• **To do**:
Omit all images, then repeat exactly the lines below from the one containing "原來159元的衣服現在只要9" through the one containing "深圳红海人力资源有限公司(红", both ends included.

• **Data supplied**:
****************

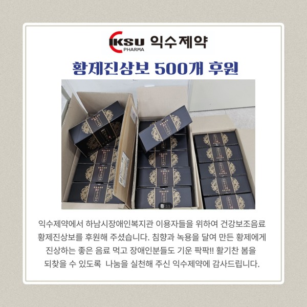 후원내역 익수제약 페이지 정보 작성자 하남시장애인복지관 작성일25-04-23 10:23 조회수95 본문 자세히 보기 익수제약황제진상보 500개 후원익수제약에서 하남시장애인복지관 이용자들을 위하여 건강보조음료황제진상보를 후원해 주셨습니다. 침향과 녹용을 달여 만든 황제에게진상하는 좋은 음료 먹고 장애인분들도 기운 팍팍 !! 활기찬 봄을되찾을 수 있도록 나눔을 실천해 주신 익수제약에 감사드립니다. 목록 이전글 (주)아이앤피 25.04.23 다음글 동원샘물 25.04.23
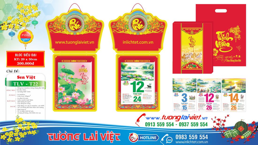 Lịch bloc Sen việt là món quà ý nghĩa mà người Việt ai cũng cần có để trang trí trong ngôi nhà vào những ngày đầu năm mới. Mẫu lịch bloc được thiết kế theo các kích thước bloc như: Lịch bloc siêu cực đại (30×40), Lịch bloc khổ cực đại (25×35), Lịch bloc siêu đại (20×30), Lịch bloc Khổ đại (17×24) và Lịch bloc khổ lớn nhất hiện nay kích thước (38×54). Bên cạnh đó, Bìa lịch bloc còn được làm bằng gỗ Laminate tráng gương bóng kính.
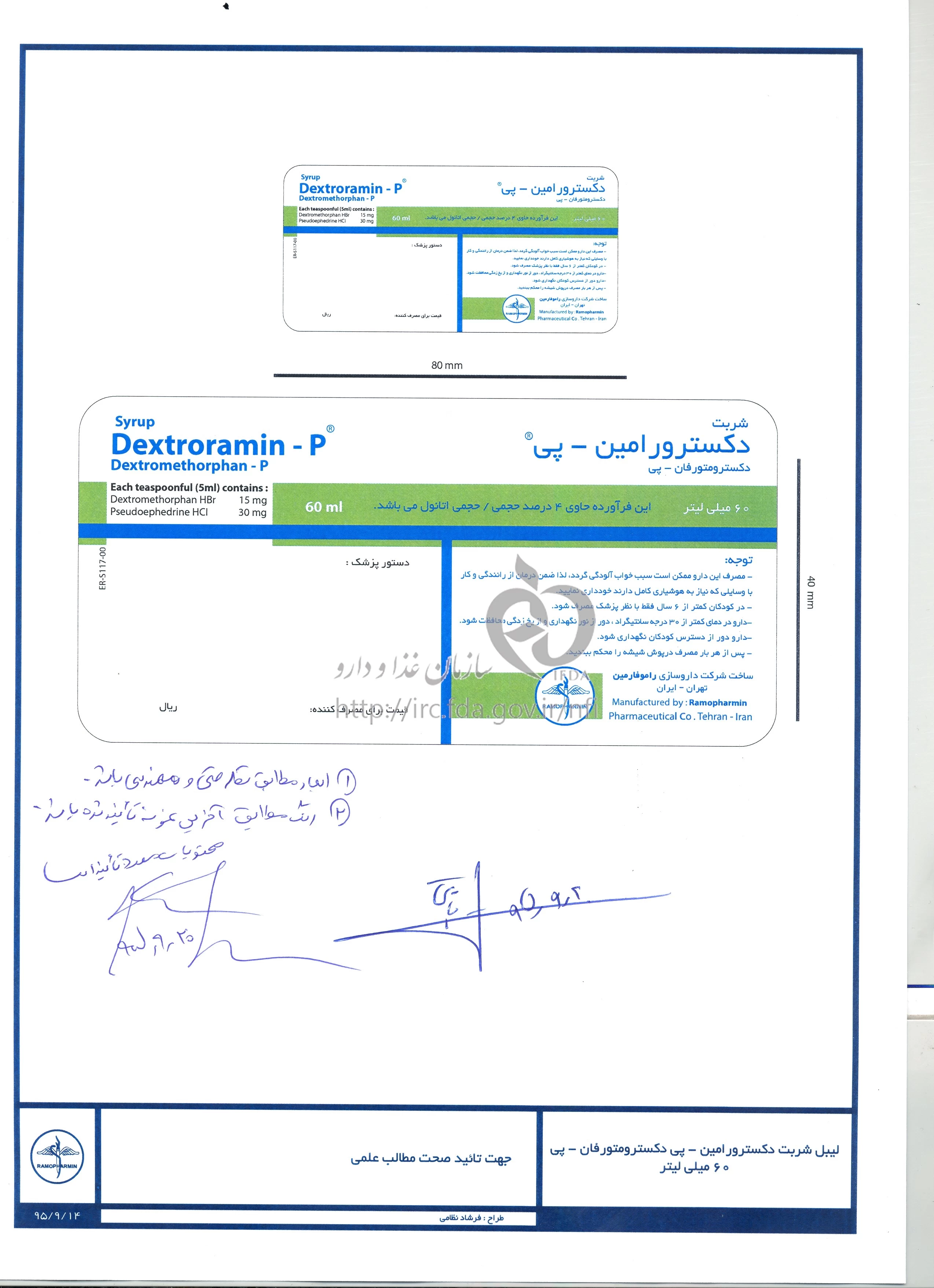 دکسترورامین - پی شربت خوراکی 15 mg/30 mg/5mL
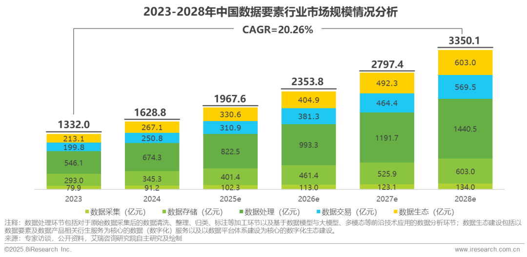 近年国内数据要素产业发展呈现稳步增长态势,中国数字经济规模由2017年的27.2万亿增长至2023年的53.9万亿,六年整体规模翻了一倍,复合增长率约为12.07%。2024年以数字产品制造业、数字技术应用业为代表的数据经济核心产业增加值达到13.49万亿元,约为同年期GDP的10%,成为推动国内经济整体发展的重要驱动力。随着数据产业标准化体系的完善、创新案例与产业试点规模的扩充以及服务前沿技术场景的外延价值提升,国内数据要素行业规模将以约20.26%的复合增长率保持高速增长,预计2025年整体规模将达到2000亿左右,2028年将正式突破3000亿。其中以数据加工与分析为核心的数据处理环节,将成为数据要素产业规模占比最高的细分产业,预计2028年其整体规模即将达到1440亿元。
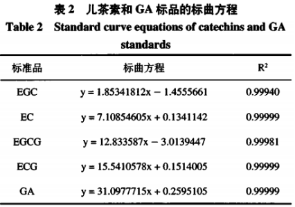 表2為兒茶素和GA標(biāo)品的標(biāo)曲方程。由決定系數(shù)R2可知方程均擬合良好。
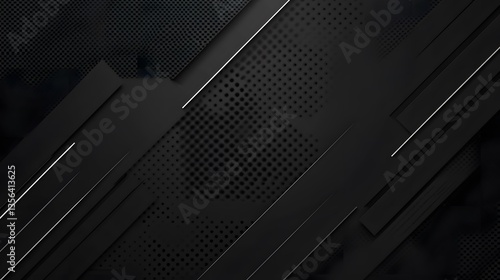 Obraz premium 33. Premium deep black background with dynamic halftone gradient effect, accentuated by angular diagonal lines.
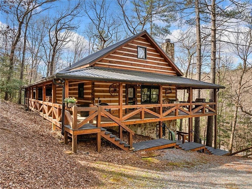 Enchanting Chink Log Cabin – Expansive Wraparound Deck & Outdoor Oasis Step into the soul of mountain living with a wrap-around porch that’s so much more than a porch—it’s an immersive outdoor experience. Freshly stained and thoughtfully designed, this expansive deck encircles the entire home and flows seamlessly into a breathtaking 20x24 covered outdoor pavilion—complete with a wood-burning stone fireplace, 5-person hot tub, and al fresco dining space. Whether you're sipping coffee with the sunrise, watching wildlife, gathering around the fire, or soaking under the stars, this seamless indoor-outdoor living invites you to relax, recharge, and reconnect. Privately nestled on a serene hillside and surrounded by lush Appalachian forest, this fully furnished 3-bedroom, 3-bath chink-style log cabin is a masterful blend of rustic charm and modern comfort. Inside, you’ll find soaring cathedral ceilings, an open kitchen with granite countertops, and a beautiful stone fireplace—all in pristine, lovingly maintained condition. Though it has never been used as a rental, this fully furnished property offers incredible income potential for short-term or vacation rental investors, thanks to its turnkey condition, outdoor appeal, and sought-after location. Just 20 minutes from downtown Blue Ridge and walking distance to the scenic Toccoa River, this home is also only 14 miles from Springer Mountain—the southern gateway to the Appalachian Trail. Whether you're seeking a private getaway, a full-time residence, or a high-performing future rental, this cabin delivers the lifestyle, location, and quality that make mountain living truly magical.
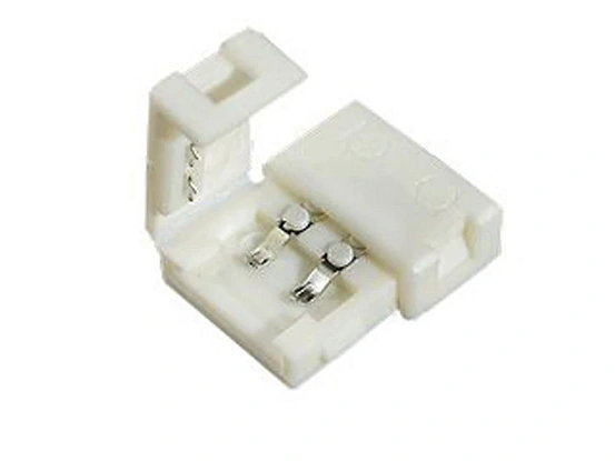 2-х сторонний разъем с фиксаторами для соединения 2-х отрезков светодиодных одноцветных лент шириной 8мм. Без провода. Материал - пластик. Максимальный допустимый ток 3А.
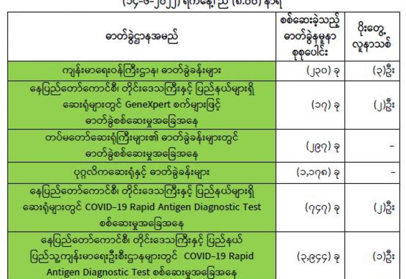 ကျန်းမာရေးဝန်ကြီးဌာနအနေဖြင့် နိုင်ငံအတွင်း ကူးစက်ဖြစ်ပွားနေသော COVID-19 ရောဂါ ကာကွယ်၊ ကုသ၊ ထိန်းချုပ်ရေးလုပ်ငန်းများကို အရှိန်အဟုန်မပြတ် ဆောင်ရွက်လျက်ရှိပါသည်။
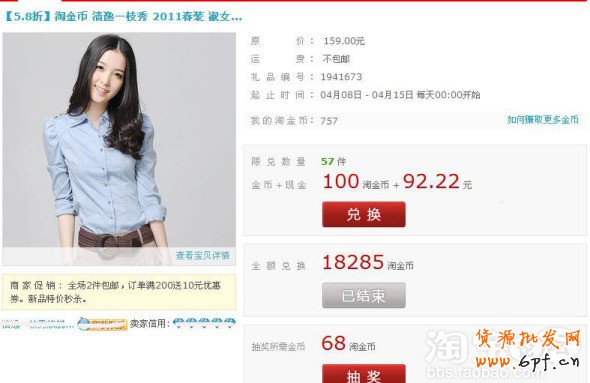 原來159元的衣服現在只要92.22 元加上100淘金幣就可以買到了,如果你有18285淘金幣,那這件衣服你不用花錢就能兌換了,很吸引人吧。那淘金幣要怎樣賺取呢?看下面的幾種方法:
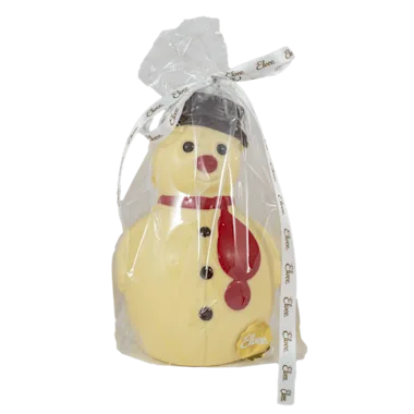 Holfiguur Sneeuwman met 8% gekleurde cacaodecoratie
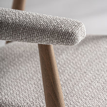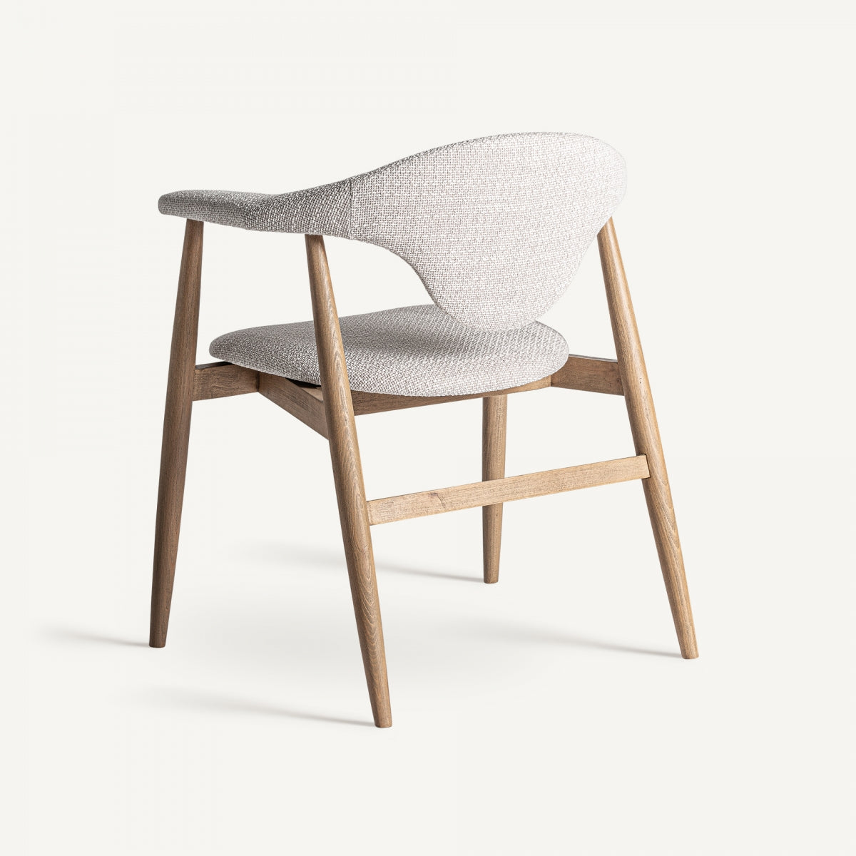 Made of beech wood in light brown matte colour, combined with foam and polyester in grey marbled colour.
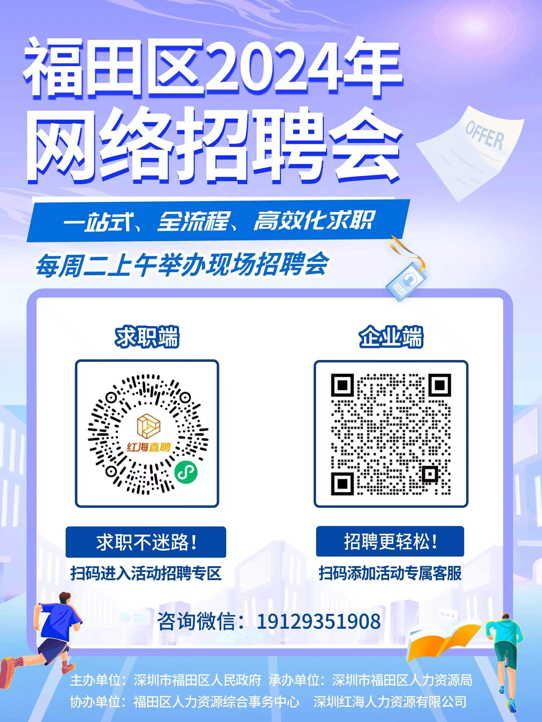 深圳红海人力资源有限公司(红海直聘//www.job131.com/index.html?activityId=b91d7f443c4e4f82b4,#小程序://红海直聘/JpmWmu4jPO2GyQq)共同开展2024年“南粤春暖”暨“春风行动”公益网络招聘活动,为求职者和用人单位提供全方位的公共就业服务平台,欢迎辖区用人单位及广大求职者踊跃参加!
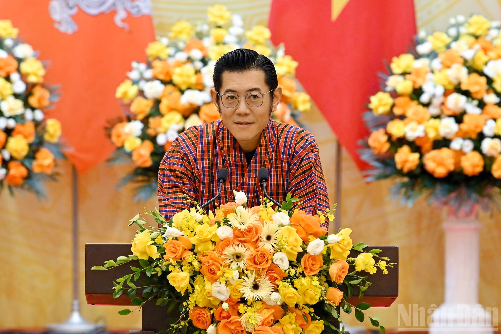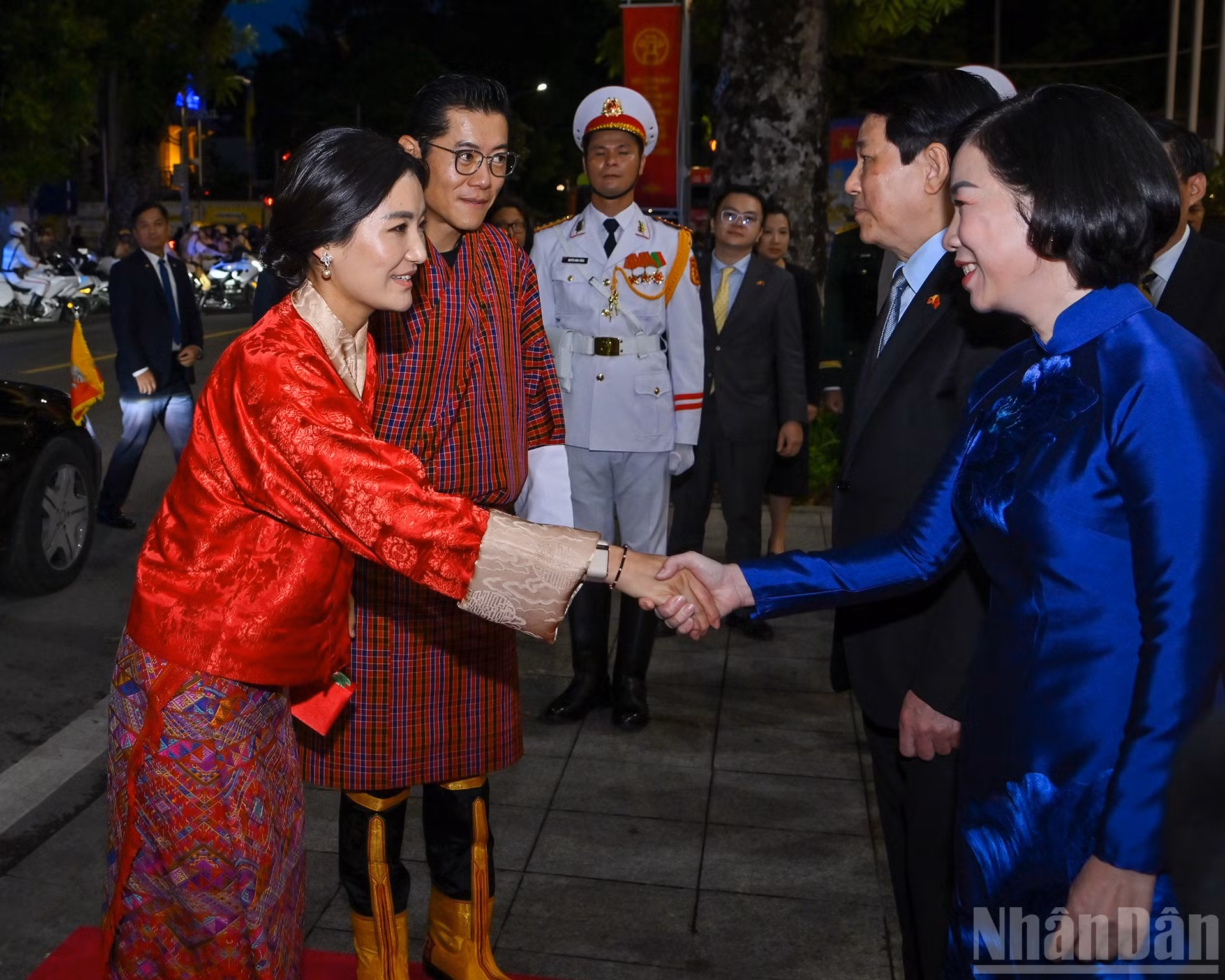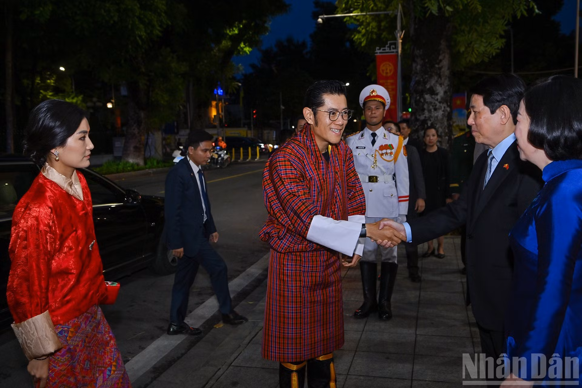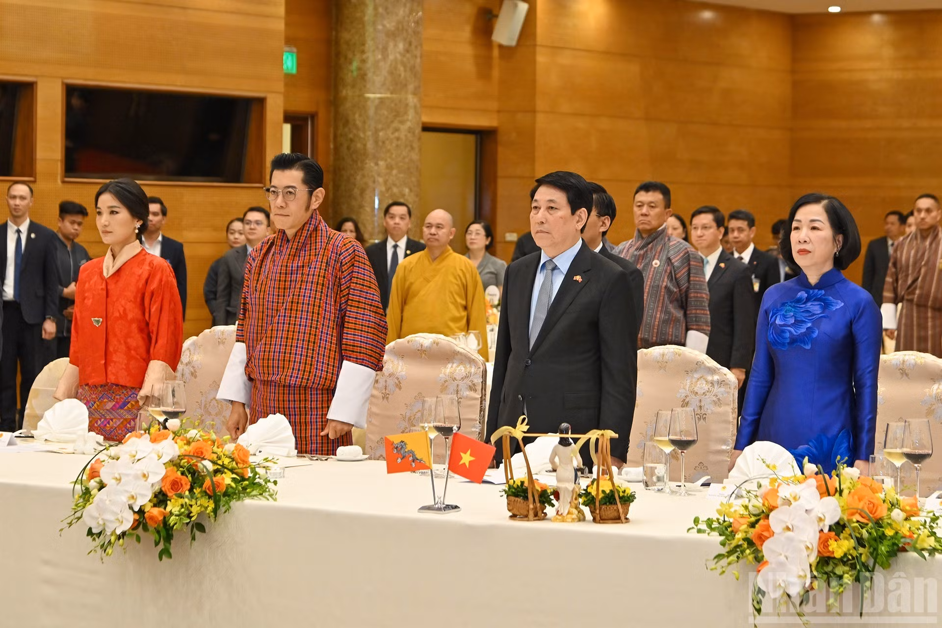 El presidente vietnamita, Luong Cuong, y su esposa, Nguyen Thi Minh Nguyet, junto con el rey de Bután, Jigme Khesar Namgyel Wangchuck, la reina Jetsun Pema, y los delegados escuchan a la banda militar interpretar los himnos nacionales de ambos países.
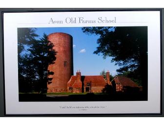 This unique architectural design graces the entrance of Avon Old Farms. A heartfelt remembrance of the tower that greets all boys as they journey to and from school. Framed poster measures 25 x 39.

****************

• **Result**:
 原來159元的衣服現在只要92.22 元加上100淘金幣就可以買到了,如果你有18285淘金幣,那這件衣服你不用花錢就能兌換了,很吸引人吧。那淘金幣要怎樣賺取呢?看下面的幾種方法:
 Holfiguur Sneeuwman met 8% gekleurde cacaodecoratie
 Made of beech wood in light brown matte colour, combined with foam and polyester in grey marbled colour.
 深圳红海人力资源有限公司(红海直聘//www.job131.com/index.html?activityId=b91d7f443c4e4f82b4,#小程序://红海直聘/JpmWmu4jPO2GyQq)共同开展2024年“南粤春暖”暨“春风行动”公益网络招聘活动,为求职者和用人单位提供全方位的公共就业服务平台,欢迎辖区用人单位及广大求职者踊跃参加!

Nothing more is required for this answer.